Spetterà ora al Comune fissare le modalità di intervento e di eventuale installazione: “Ci saranno - osserva Frulio - sopralluoghi da parte degli uffici tecnici della Mobilità e da parte della Polizia Locale, e poi si procederà con la collocazione, se saranno rilevati tutti gli estremi necessari. Sempre in tema di sicurezza, ho fatto una richiesta, d’intesa con il comandante di sezione della Polizia LocaleGiacomo Maniscalco, e con il suo vice, Giorgio Birtolo, di tornare a istituire nel nostro Municipio, come accadeva una volta, le giornate per la sicurezza stradale, nelle quali coinvolgere soprattutto le nuove generazioni. Mi sembra un momento di formazione molto importante e quanto mai necessario”. 

Sul tema pegliese di via Beato Martino, la consigliera Lorella Fontana ha portato l’istanza relativa “all’installazione di un dissuasore di fronte al civico 7, ovvero in un punto in cui la strada è stretta, non ci sono marciapiedi e le auto, spesso, procedono a velocità troppo elevata”.

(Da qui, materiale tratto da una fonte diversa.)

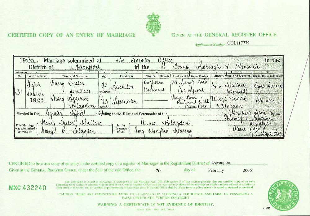 General Register Office, Civil Registration Index (England & Wales) for Marriage of Wallace, Harry V and Blagdon, Mary B, (FreeBMD and FindMyPast websites). Custom Id: Marriages 1935 Devonport Vol. 5b, Page 585; Cit. Date: Q1 1935. General Register Office.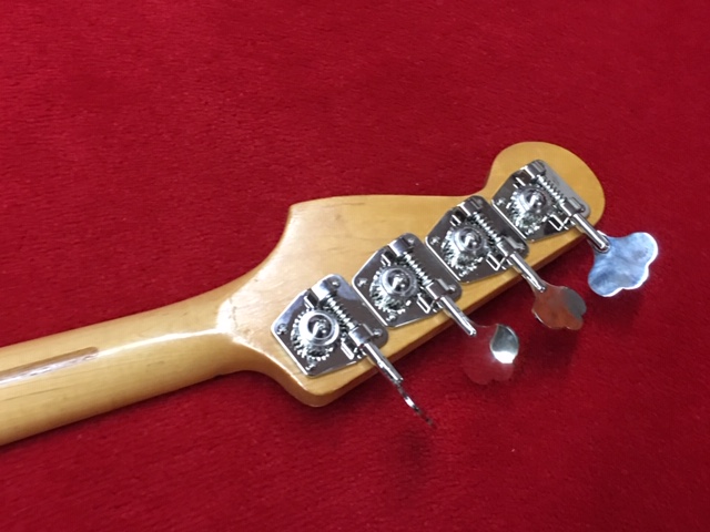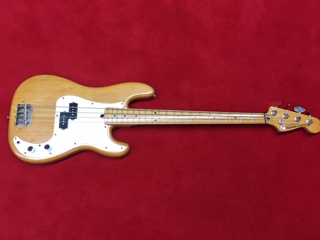 | Fernandes Precision Bass Tokai Made This is probably 1978-1980 Tokai made Fernandes Precision bass. It should be FPB-50 from hard ware and body material. It looks very good bass. But there are several dents and scratches. Well, the picture of natural body could not show you those dents and scratches clearly. The neck is straight not twisting (2.5mm at 12F). The truss rod is adjustable. The nut width is approx 40.9 mm. The body is probably Sen (Japanese Ash) as Fernandes described on their catalog. It should be 3P with 4.7 Kg weight. The frets are proper condition (bit worn) The PU is Fernandes Original. I have replaced the tuner to brand new Gotoh. The knobs are relaced with brand new one. The nut was changed by previous user. We going to ship this bass with gig bag. This case is not Fernandes original. Well, enjoy JV bass ! |

Anche prima di quel punto, però, via Beato Martino - va detto - presenta situazioni particolarmente delicate: anzitutto perché è una strada stretta interessata, negli ultimi anni, dal passaggio degli autobus (un tempo non avveniva, poi le linee 189 e 190 sono state obbligate a fare questo percorso a seguito delle limitazioni di carico fissate per il ponte di via de Nicolay), e poi perché in un lato il marciapiede sparisce, ma è proprio il punto in cui si trova la Cappella Doria, frequentata quotidianamente da decine di fedeli. Ecco perché anche qui, o immediatamente prima, un dissuasore sarebbe necessario (o qualsiasi altro sistema per spingere i veicoli a rallentare): un paio di anni fa era stata realizzata anche una raccolta di firme, sull’argomento, ma poi l’invito non è mai stato raccolto dalla precedente amministrazione, in particolare da un assessore pegliese mai dimostratosi sensibile alla questione. Ora, grazie all’impegno della consigliera Fontana, se non altro ci sarà un sopralluogo e sarà quella l’occasione per capire quanto una strada possa essere pericolosa, se non allestita come si deve. Quindi benissimo che si prema l’acceleratore, quando lo si fa per non farlo più premere agli altri.